STUDY MATERIAL:
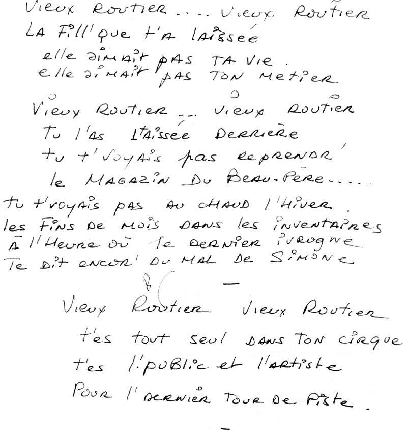 Juste avant de signer chez Warner, Rose Laurens enregistrait dans le home studio de Jean-Pierre Goussaud et c’est à cette époque qu’ils travaillent ensemble avec le parolier Boris Bergman dont elle admire la plume. Si nous avons pu découvrir le superbe L’Homme sur Chaleur humaine, voici Vieux routier, un titre surprenant aux accents country-folk qui siéent étonnamment bien à la chanteuse qui s’y révèle très à l’aise. Comme bien souvent, Bergman nous embarque dans son univers et nous raconte une histoire, ici celle de ce camionneur désenchanté au destin atypique qui s’est « pris dans les fils d’un billard d’araignée ». À la même époque, Bergman signe un autre texte sur-mesure pour Rose (Le Messager) avant de la retrouver près de trente ans plus tard pour travailler ensemble à nouveau. Il existe une autre version de Vieux routier (avec de la reverb sur la voix).
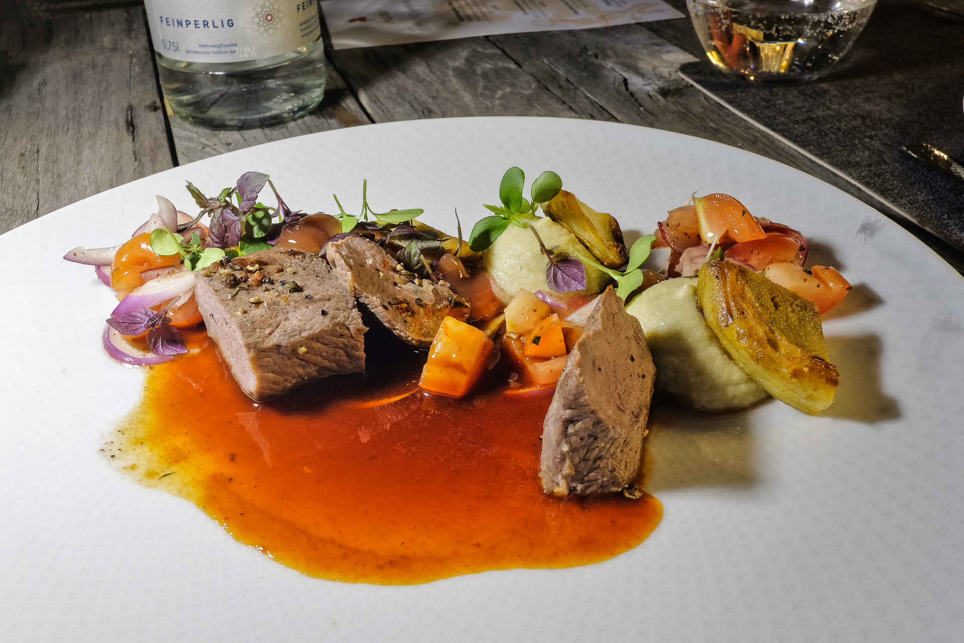 Das Raviolo war mit Wildfleisch gefüllt, der Teig war aber recht dick und die Füllung war trotz feinem Aroma etwas trocken und faserig. Dazu gab es eine fruchtige Preiselbeer Sauce mit feiner Säure und eine aromatische Sauce mit Dijon Senf. Das passte geschmacklich irgendwie nicht zusammen, gerade noch sehr lecker.
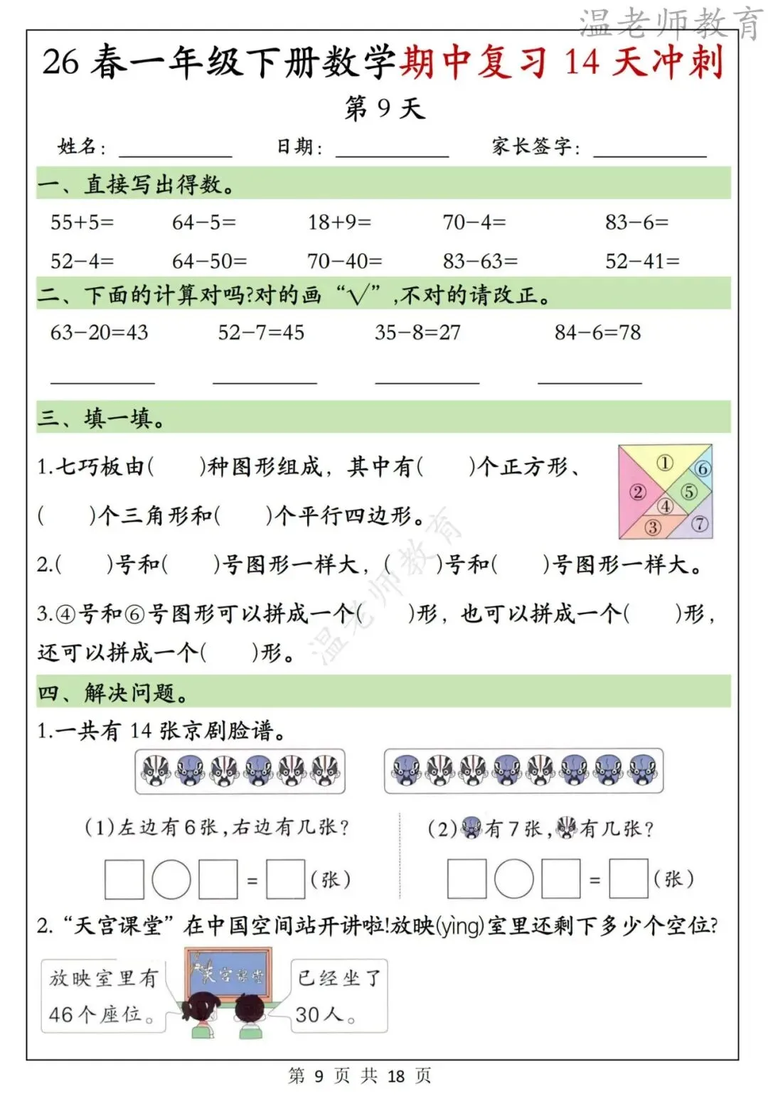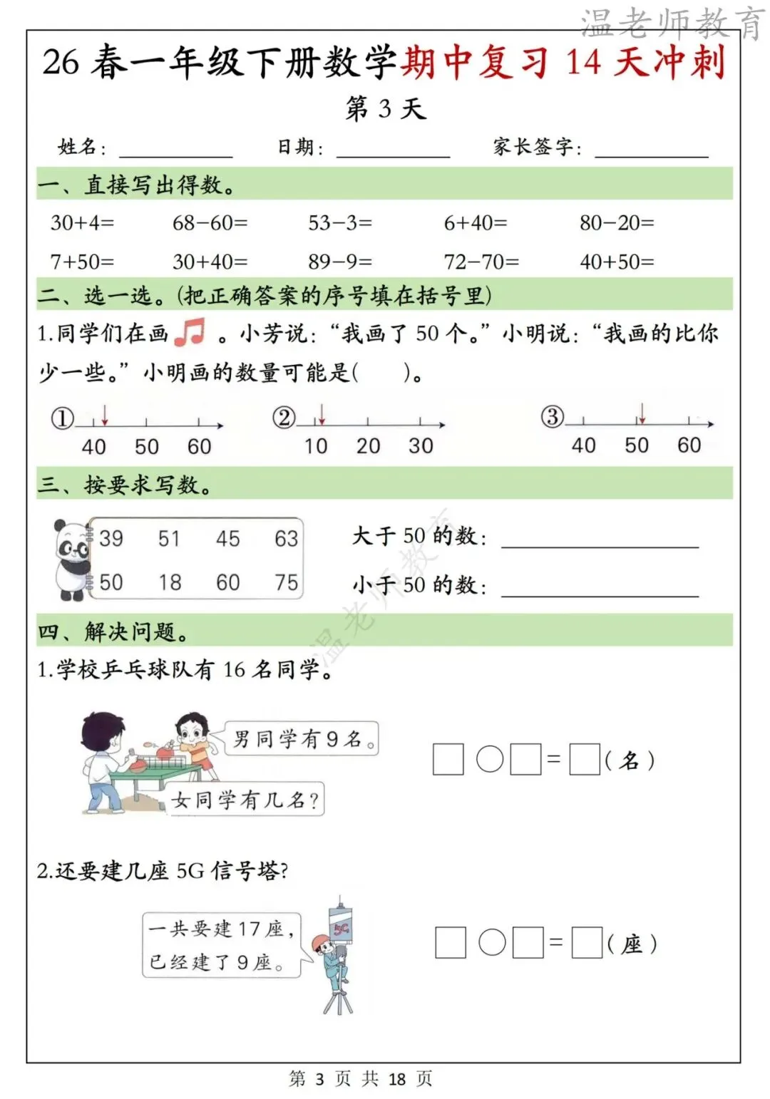 今天分享的是:一年级下册数学期中复习14天冲刺计划。这套资料包含了口算题、填空题、应用题等基础题型,每天一页,可以帮助孩子提高计算速度和准确度,是非常不错的复习材料!
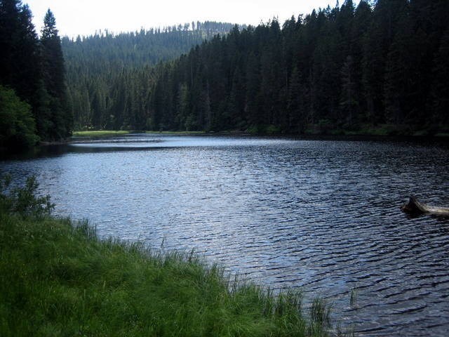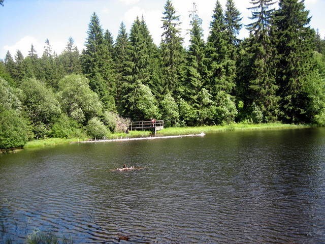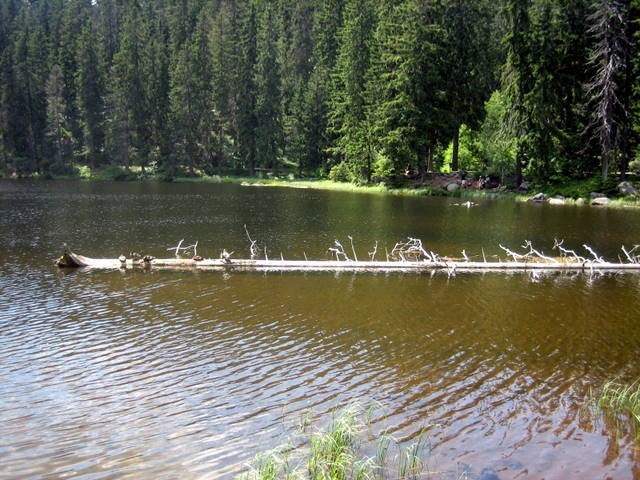 Lake Laka is the shallowest of all these lakes and it is the only one on the Czech side with islands and it is slowly being silted. Sediments have already been cleared (e.g. in the year 1906). Its flora is quite rich. On peat islands dominates mainly bent-grass (Carex canescens and C.nigra) and reed mace (Juncus bulbosus). The same plants grow on the lake’s strands. Among many kinds of algae are very rare ones listed on the Red List of Threatened Species (like Batrachospermum vagum or Binuclearia tectorum). In the last century, the lake was known as a home of many trouts, each year 400-500 was caught here and because of its breeding, the lake weir has to be heightened in the thirties. In the sixties, the trouts were still bred here but due to the waters’ oxidization, the fishes disappeared. Larger species living here are mainly eft (Triturus alpinus) and the great variety of spineless animals like dragonfly, stonefly, alderfly or sedge fly.
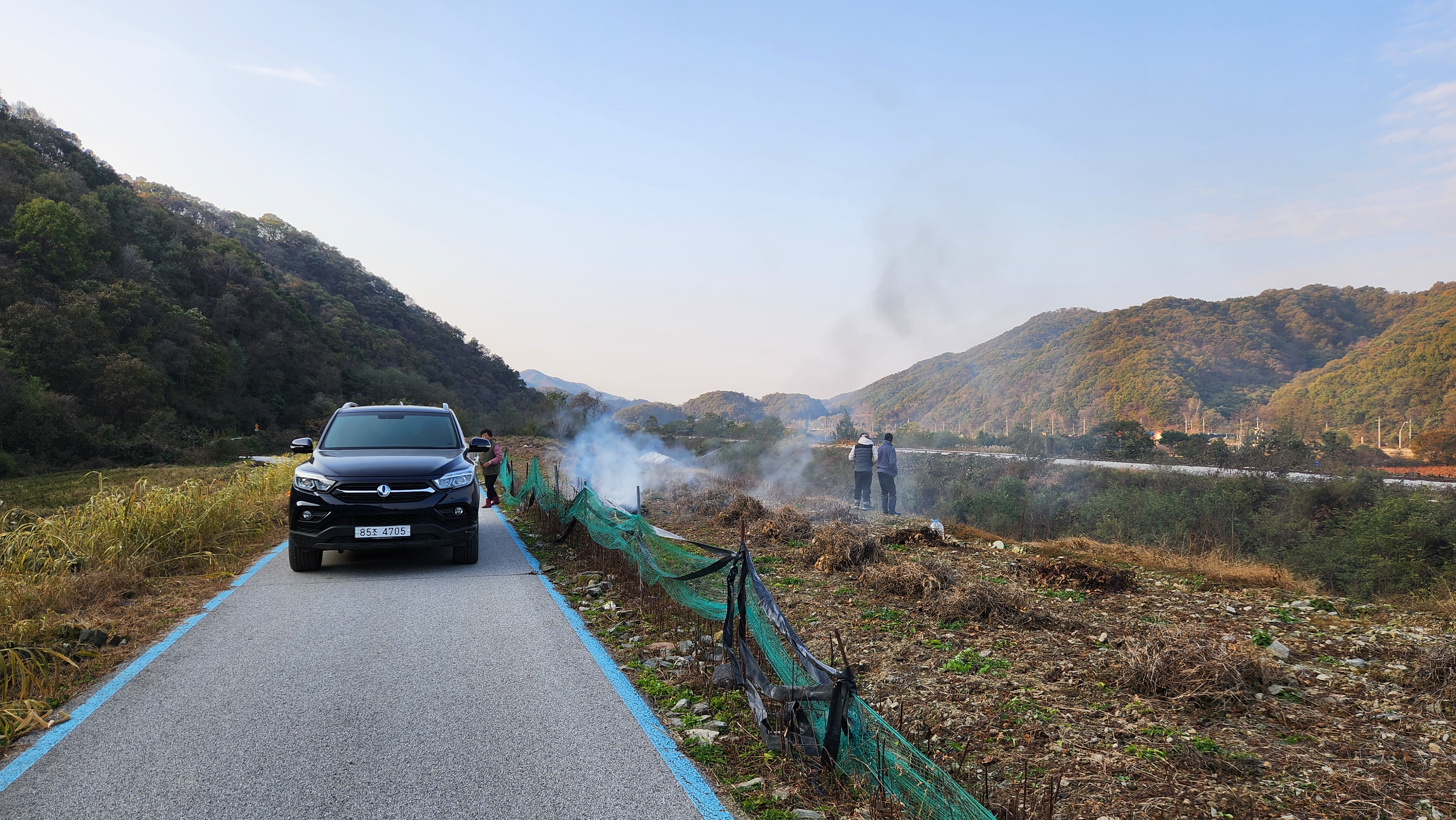 부부가 외국인 근로자 둘을 데리고 밭에 일하러 나왔다. 지나가며 인사를 하니 불을 쬐고 가라 하신다. 그렇지 않아도 불내음이 참 좋았는데 그 말에 성큼 밭으로 들어가 모닥불 옆에 섰다. 고대산에 가려 아직 밭에는 햇살이 들지 않는다. 할머니(?)는 손이 시려 일을 시작하기 어려워 불을 피웠다고 하면서도 불안해한다. 요즘은 소각을 하거나 들에 불을 놓고 있는 현장이 신고당하면 낭패를 본다. 평화의 길 걷기를 하면서 사람이나 차량을 볼 수 없는 외로운 길에서도 가끔 볼 수 있는 인기척은 지역에서 운영하는 산불 감시 차량이다.
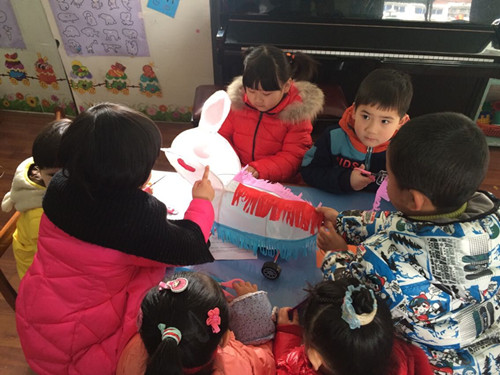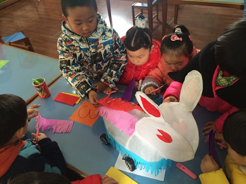 一年一度的元宵节伴随着春天的脚步而来,北环幼儿园里处处张灯结彩,洋溢着喜气洋洋的节日气氛。元宵节是一个很隆重的节日。如何让幼儿更深切地感受到这个节日的氛围,怎样让他们更加了解元宵节对中国人的意义呢?兔子灯——是具有中国传统风格的一种装饰。我们从孩子们喜欢的各种各样的花灯入手,组织开展巧手制作花灯手工游戏。旨在通过做兔子灯让幼儿能更加深切体验中国传统文化,感受元宵节的快乐气氛。

TASK DESCRIPTION: The answer must be an exact copy of the records, with no images in it.

WRITTEN RESPONSE:
 Juste avant de signer chez Warner, Rose Laurens enregistrait dans le home studio de Jean-Pierre Goussaud et c’est à cette époque qu’ils travaillent ensemble avec le parolier Boris Bergman dont elle admire la plume. Si nous avons pu découvrir le superbe L’Homme sur Chaleur humaine, voici Vieux routier, un titre surprenant aux accents country-folk qui siéent étonnamment bien à la chanteuse qui s’y révèle très à l’aise. Comme bien souvent, Bergman nous embarque dans son univers et nous raconte une histoire, ici celle de ce camionneur désenchanté au destin atypique qui s’est « pris dans les fils d’un billard d’araignée ». À la même époque, Bergman signe un autre texte sur-mesure pour Rose (Le Messager) avant de la retrouver près de trente ans plus tard pour travailler ensemble à nouveau. Il existe une autre version de Vieux routier (avec de la reverb sur la voix).
 Das Raviolo war mit Wildfleisch gefüllt, der Teig war aber recht dick und die Füllung war trotz feinem Aroma etwas trocken und faserig. Dazu gab es eine fruchtige Preiselbeer Sauce mit feiner Säure und eine aromatische Sauce mit Dijon Senf. Das passte geschmacklich irgendwie nicht zusammen, gerade noch sehr lecker.
 今天分享的是:一年级下册数学期中复习14天冲刺计划。这套资料包含了口算题、填空题、应用题等基础题型,每天一页,可以帮助孩子提高计算速度和准确度,是非常不错的复习材料!
 Lake Laka is the shallowest of all these lakes and it is the only one on the Czech side with islands and it is slowly being silted. Sediments have already been cleared (e.g. in the year 1906). Its flora is quite rich. On peat islands dominates mainly bent-grass (Carex canescens and C.nigra) and reed mace (Juncus bulbosus). The same plants grow on the lake’s strands. Among many kinds of algae are very rare ones listed on the Red List of Threatened Species (like Batrachospermum vagum or Binuclearia tectorum). In the last century, the lake was known as a home of many trouts, each year 400-500 was caught here and because of its breeding, the lake weir has to be heightened in the thirties. In the sixties, the trouts were still bred here but due to the waters’ oxidization, the fishes disappeared. Larger species living here are mainly eft (Triturus alpinus) and the great variety of spineless animals like dragonfly, stonefly, alderfly or sedge fly.
 부부가 외국인 근로자 둘을 데리고 밭에 일하러 나왔다. 지나가며 인사를 하니 불을 쬐고 가라 하신다. 그렇지 않아도 불내음이 참 좋았는데 그 말에 성큼 밭으로 들어가 모닥불 옆에 섰다. 고대산에 가려 아직 밭에는 햇살이 들지 않는다. 할머니(?)는 손이 시려 일을 시작하기 어려워 불을 피웠다고 하면서도 불안해한다. 요즘은 소각을 하거나 들에 불을 놓고 있는 현장이 신고당하면 낭패를 본다. 평화의 길 걷기를 하면서 사람이나 차량을 볼 수 없는 외로운 길에서도 가끔 볼 수 있는 인기척은 지역에서 운영하는 산불 감시 차량이다.
 一年一度的元宵节伴随着春天的脚步而来,北环幼儿园里处处张灯结彩,洋溢着喜气洋洋的节日气氛。元宵节是一个很隆重的节日。如何让幼儿更深切地感受到这个节日的氛围,怎样让他们更加了解元宵节对中国人的意义呢?兔子灯——是具有中国传统风格的一种装饰。我们从孩子们喜欢的各种各样的花灯入手,组织开展巧手制作花灯手工游戏。旨在通过做兔子灯让幼儿能更加深切体验中国传统文化,感受元宵节的快乐气氛。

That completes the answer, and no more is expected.